Le sommeil : un enjeu invisible pour les organisations 

Mélissa Jan

« Le sommeil a un impact profond sur notre santé ; il est essentiel pour se sentir bien. »  — SantéPsy 

À l’occasion de la Journée internationale du sommeil, célébrée le 13 mars, il est important de rappeler que le sommeil ne relève pas uniquement de la sphère privée. 

Pendant la nuit, notre esprit se régénère, retrouve de l’énergie, les émotions se stabilisent et les souvenirs se renforcent. À l’inverse, des nuits insuffisantes ou agitées nuisent à la concentration, à l’humeur et à la capacité à faire face aux difficultés du quotidien. 

Dans un monde du travail où le rythme est soutenu et où l’on se sent souvent obligé de rester disponible, le sommeil est souvent négligé. Les journées chargées, le stress professionnel ou la difficulté à couper avec le travail peuvent progressivement en altérer la qualité. Pourtant, lorsque le manque de sommeil devient régulier, il ne s’agit plus d’une simple fatigue passagère, mais d’un signal d’alerte qu’il est essentiel de prendre au sérieux. 

Sommeil, performance et fatigue : un équilibre fragile 

Le sommeil ne sert pas seulement à se reposer. Il joue un rôle central dans l’équilibre psychologique et dans la capacité à travailler efficacement. Pendant la nuit, le cerveau traite les informations de la journée, consolide les apprentissages et régule les émotions. Ce processus soutient des fonctions indispensables au travail : attention, mémoire, concentration, organisation et prise de décision. 

Un sommeil de qualité favorise une humeur stable, une meilleure gestion du stress et une plus grande capacité à prendre du recul. À l’inverse, un manque de sommeil répété fragilise la résistance au stress, accentue les tensions et diminue les capacités de réflexion. Les effets ne se limitent pas à une sensation de fatigue : ils peuvent influencer les relations professionnelles, la qualité du travail et, à terme, augmenter le risque d’épuisement. 

La fatigue est souvent minimisée. On la considère comme normale lorsque le travail s’intensifie. Pourtant, lorsqu’elle s’installe dans la durée, elle peut révéler un déséquilibre plus important : une charge mentale trop élevée, une pression constante à performer, des difficultés à déconnecter ou des tensions au sein de l’équipe. 

Si plusieurs collaborateurs sont concernés, les effets peuvent rapidement se ressentir au sein de l’équipe : davantage d’erreurs, plus de tensions, une baisse de la qualité du travail ou un retrait progressif de certains. La fatigue chronique peut alors devenir un signal important sur l’état de santé de l’organisation. 

Troubles du sommeil, quels signaux observer ?  

Tous les troubles du sommeil ne sont pas liés au travail. Néanmoins, certains signes doivent alerter, surtout lorsqu’ils persistent : fatigue importante durant la journée, difficultés de concentration, maux de tête au réveil, irritabilité inhabituelle ou sensation de ne jamais être réellement reposé. 

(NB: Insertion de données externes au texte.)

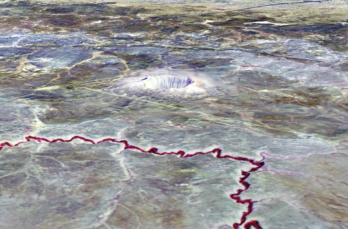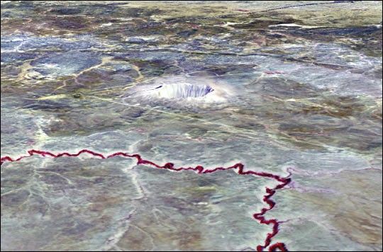 The Barringer Meteorite Crater (also known as “Meteor Crater”) is a gigantichole in the middle of the arid sandstone of the Arizona desert. A rim of smashedand jumbled boulders, some of them the size of small houses, rises 50 meters above the surrounding plain. The crater itself is nearly a 1500 meters wide and 180 meters deep. When Europeans first discovered the crater, the plain around itwas covered with chunks of meteoritic iron—over 30 tons of it—scattered overan area 12 kilometers to 15 kilometers in diameter. Scientists now believe that the crater wascreated approximately 50,000 years ago. The meteorite itself was composedalmost entirely of nickel-iron, suggesting that it may have originated in theinterior of a small planet. It was 50 meters across, weighed roughly 300,000 tons,and traveled at a speed of 65,000 kilometers per hour. This Advanced Spaceborne ThermalEmission and Reflection Radiometer (ASTER) 3-D perspectiveview was created by draping a false-color image (near infrared=red, red=green, green=blue) over a digital elevation model made by the US Geological Survey National Elevation Dataset.
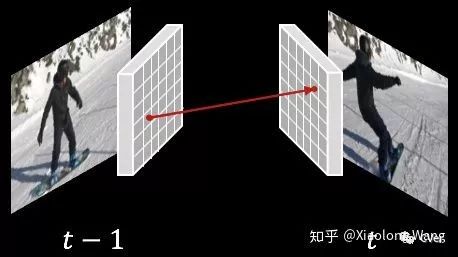 我们在deep feature上计算semi-dense correspondence。如下图,对于相邻两帧,我们首先抽取deep feature (大概30x30 resolution)。对于在t-1帧的一个格子,我们通过算nearest neighbor找到在t帧最相似的格子。下图箭头两端代表了其中一个correspondence。
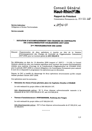 Programmation de deux opérations à inscrire au titre de la Dotation d’Accompagnement des Charges de Centralité de l’Agglomération Colmarienne 2007-2008, pour un montant global de 243 500,00 €.
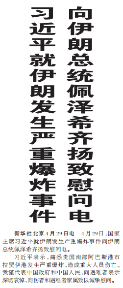 4月29日,国家主席习近平就伊朗发生严重爆炸事件向伊朗总统佩泽希齐扬致慰问电。(今日《人民日报》1版)
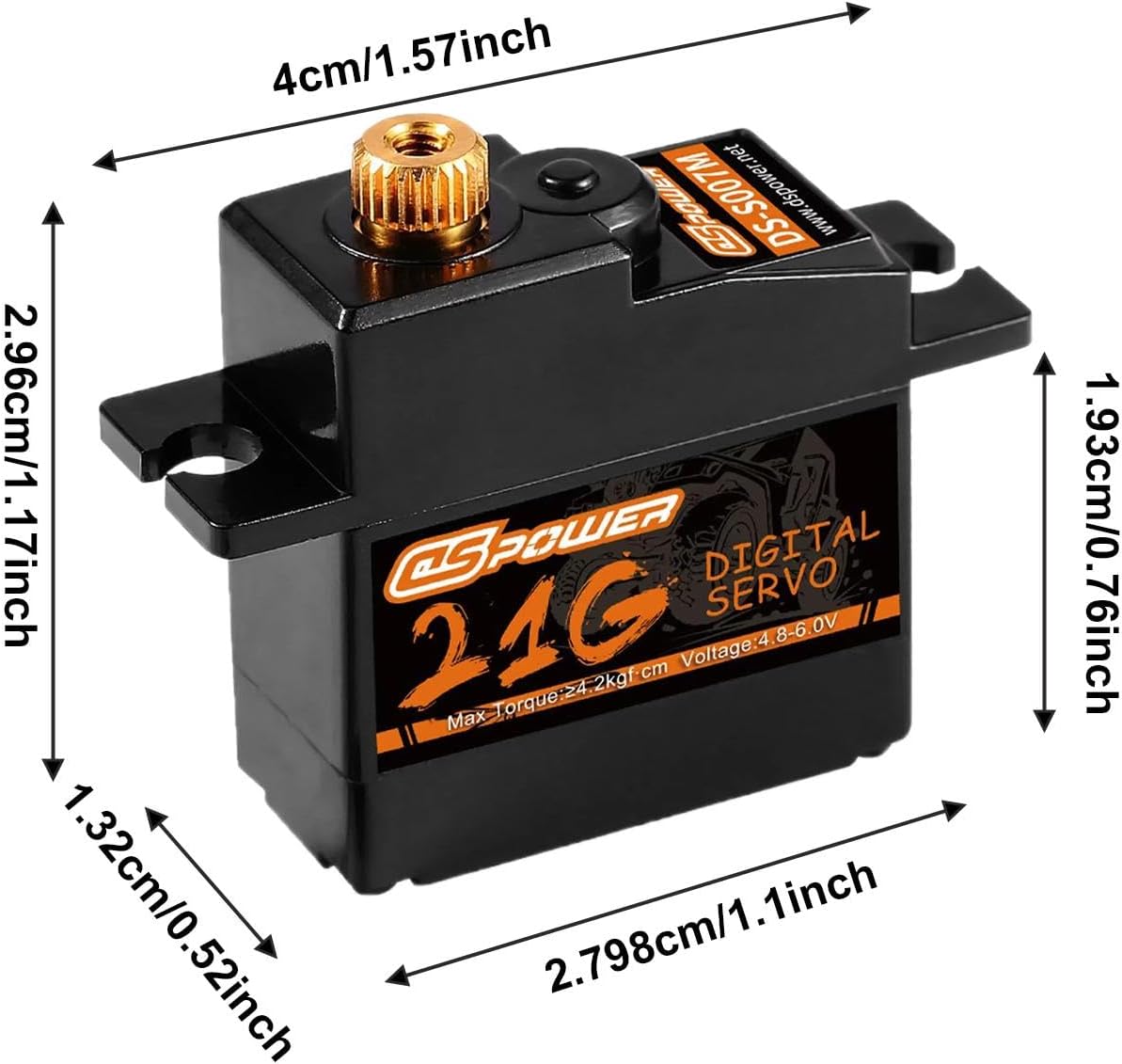 【Ottimo aggiornamento per la tua auto RC】: l'ingranaggio in metallo da 21 g per modelli in 1/12 è adatto per MN82, MN99S, MN168, MN78 e , cingolati e camion RC 【Specifiche dettagliate】: Questo servo 21G funziona con una tensione standard da 4,8 6,0 V . Presenta dimensioni compatte di 2,96 cm x 1,32 cm x 4 cm/1,17 pollici x 0,52 pollici x 1,57 pollici per un facile montaggio e vanta un ampio angolo operativo massimo di 180° 【Cosa ottieni】: Ogni confezione contiene un servo digitale 21G completo, per essere installato nel tuo veicolo RC 【Ingranaggi in metallo e design impermeabile】: Progettato con robusti ingranaggi in metallo in di sopportare carichi elevati e resistere allo strappo. La costruzione impermeabile consente di affrontare con sicurezza terreni bagnati e fangosi senza rischiare danni. 【Prestazioni digitali ad alta coppia】: il servo digitale fornisce una coppia impressionante fino a 4,20 kgf·cm a 6,0 V. Goditi tempi di risposta rapidi e bassa rumorosità operativa per un'esperienza di guida migliorata
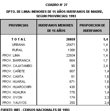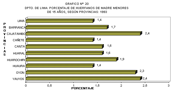 Considerando sólo a la población menor de 15 años de edad, se encuentra que la proporción de huérfanos de madre es de 1,4% para el departamento; dicha proporción es mayor para el área rural que para el área urbana (1,8% a 1,4% respectivamente). En las provincias de Lima, Cañete y Huaura la proporción es igual al promedio departamental. Por el contrario, en el resto de provincias los huérfanos menores de 15 años superan el promedio encontrado para el departamento, especialmente en las provincias de Cajatambo, Yauyos y Oyón.
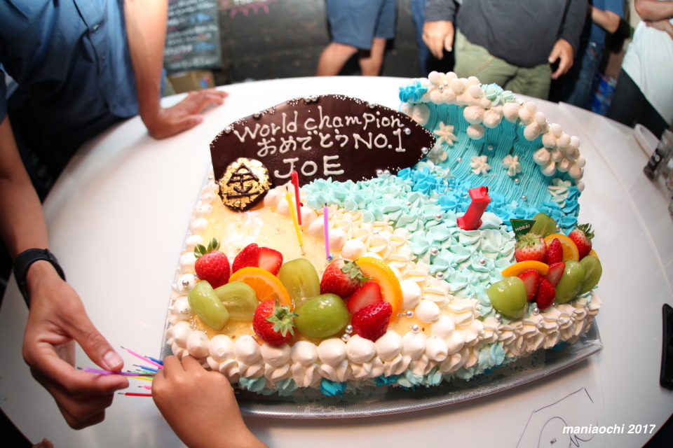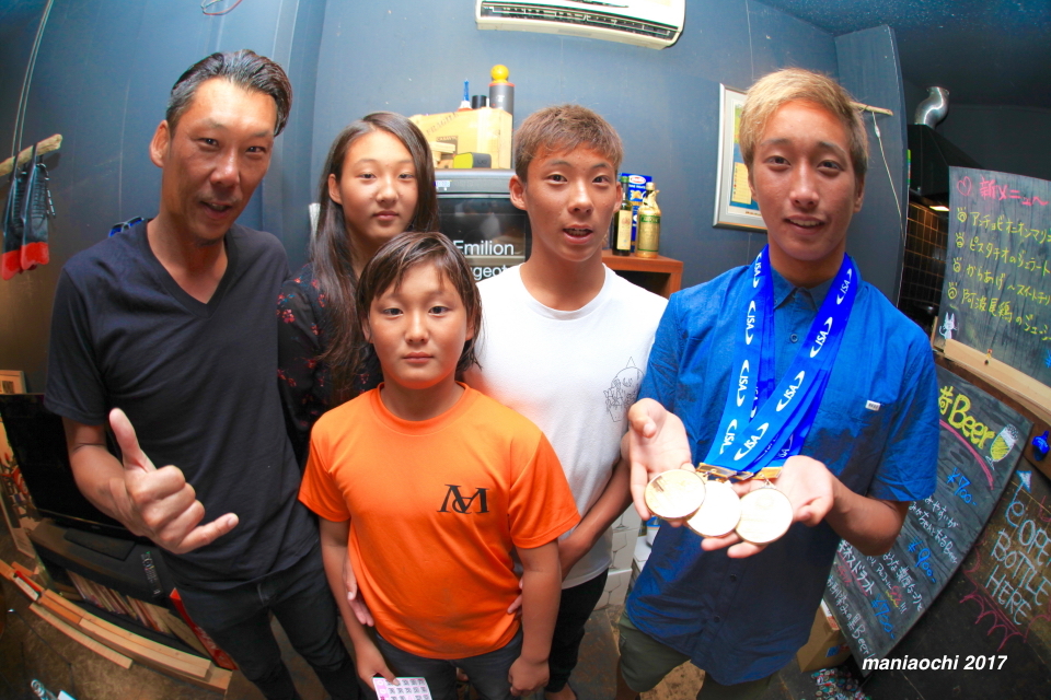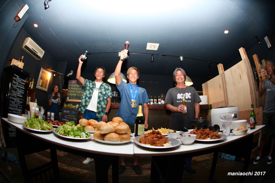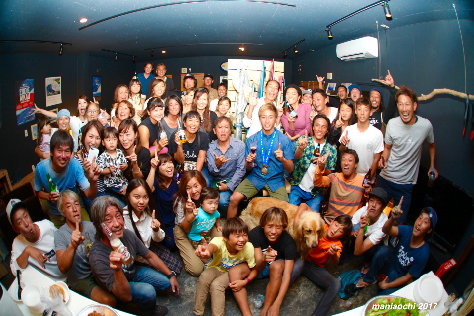 そしてその日本人初の快挙でもあるワールドチャンプに輝いた安室丈プロの祝勝会がホーム四国のあたたかい素晴らしい仲間ともいうべき多くのホームファミリーに囲まれて祝福され四国は宍喰にあるCafe&Bar Bowlsにてアットホームなスタイルで行われた。
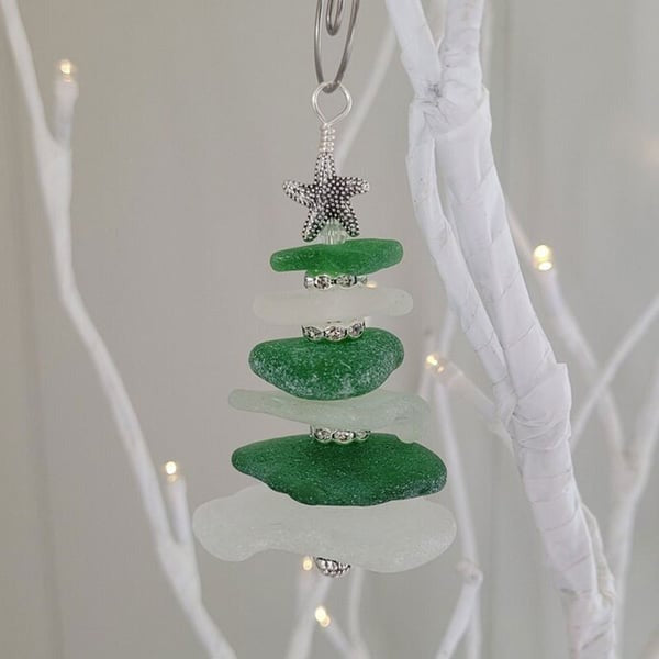 🎄Decorate your Christmas tree with this exquisite handmade genuine sea glass tree ornament.It features six pieces of aqua, white, and seafoam sea glass.Each piece of sea glass has been specifically chosen to represent the tree shape.
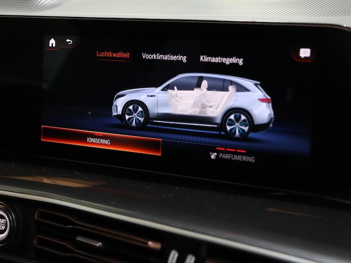 Duurzame mobiliteit is niet langer een ongrijpbare droom. Mercedes-Benz maakt het waar met de innovatieve elektrische EQC. De techniek van deze auto is radicaal anders dan u gewend bent. U rijdt zacht zoemend naar uw bestemming, de actieradius van de accu's is ruimschoots voldoende voor de meeste dagelijkse ritten. Houdt u van een sportieve, dynamische uitstraling? Dan komt de AMG-styling als geroepen. De auto heeft een opmerkelijk lage kilometerstand van slechts 34190 In de verwarmbare voorstoelen zitten is elke keer een welkom gevoel. De massagefunctie doet daar nog een schepje bovenop. Zit u goed? De stoelen zijn eenvoudig instelbaar dankzij de elektrische bediening met geheugen. Het panoramadak zorgt voor maximale lichtinval en kan worden geopend voor extra ventilatie. Een praktische extra is de elektrisch bedienbare achterklep die opent en sluit met een druk op de knop. Deze Mercedes-Benz EQC heeft een verwarmd stuurwiel. Nooit meer koude handen onderweg. De koplampen zijn voorzien van de allernieuwste lichttechnologie: matrix LED-verlichting. Bij de uitrusting van deze Mercedes-Benz horen onder meer 21 inch lichtmetalen velgen, AMG-styling, warmtewerend glas, treeplanken, LED-achterlichten en verstelbare lendensteunen.

Selon la Ligue pulmonaire suisse, des ronflements irréguliers ou des pauses respiratoires observées pendant la nuit peuvent aussi signaler un syndrome d’apnée du sommeil. Ce trouble se caractérise par des interruptions répétées de la respiration et peut entraîner une somnolence accrue ainsi qu’une diminution des capacités cognitives. En cas de doute, un avis médical et un dépistage peuvent être recommandés. 

Il n’appartient évidemment pas à l’entreprise de poser un diagnostic médical. En revanche, elle peut mettre en place un cadre où les collaborateurs se sentent libres de parler de leur fatigue et d’être orientés vers les bonnes ressources. La prévention repose avant tout sur l’écoute, le dialogue et une approche sans jugement.

Agir ensemble : une responsabilité partagée 

Le sommeil relève en partie de la vie personnelle, mais les conditions de travail influencent directement la capacité à récupérer. 

Enfin, chaque collaborateur reste responsable de sa santé. S’informer, consulter en cas de difficultés persistantes et utiliser les ressources mises à disposition par l’entreprise font partie d’une démarche de prévention partagée. 

Le sommeil n’est pas un simple confort personnel. Il est un pilier de la santé mentale et un indicateur important du climat organisationnel. 

Lorsque la récupération n’est plus possible, il est important de s’interroger sur l’équilibre entre les exigences du travail et les ressources disponibles. Préserver des conditions favorables au repos n’est pas accessoire : c’est un choix stratégique qui soutient la qualité du travail, la stabilité des équipes et la prévention des risques psychosociaux.  

À l’occasion de la Journée internationale du sommeil, ouvrir le dialogue sur ce thème, c’est rappeler que la performance durable repose aussi sur la santé collective.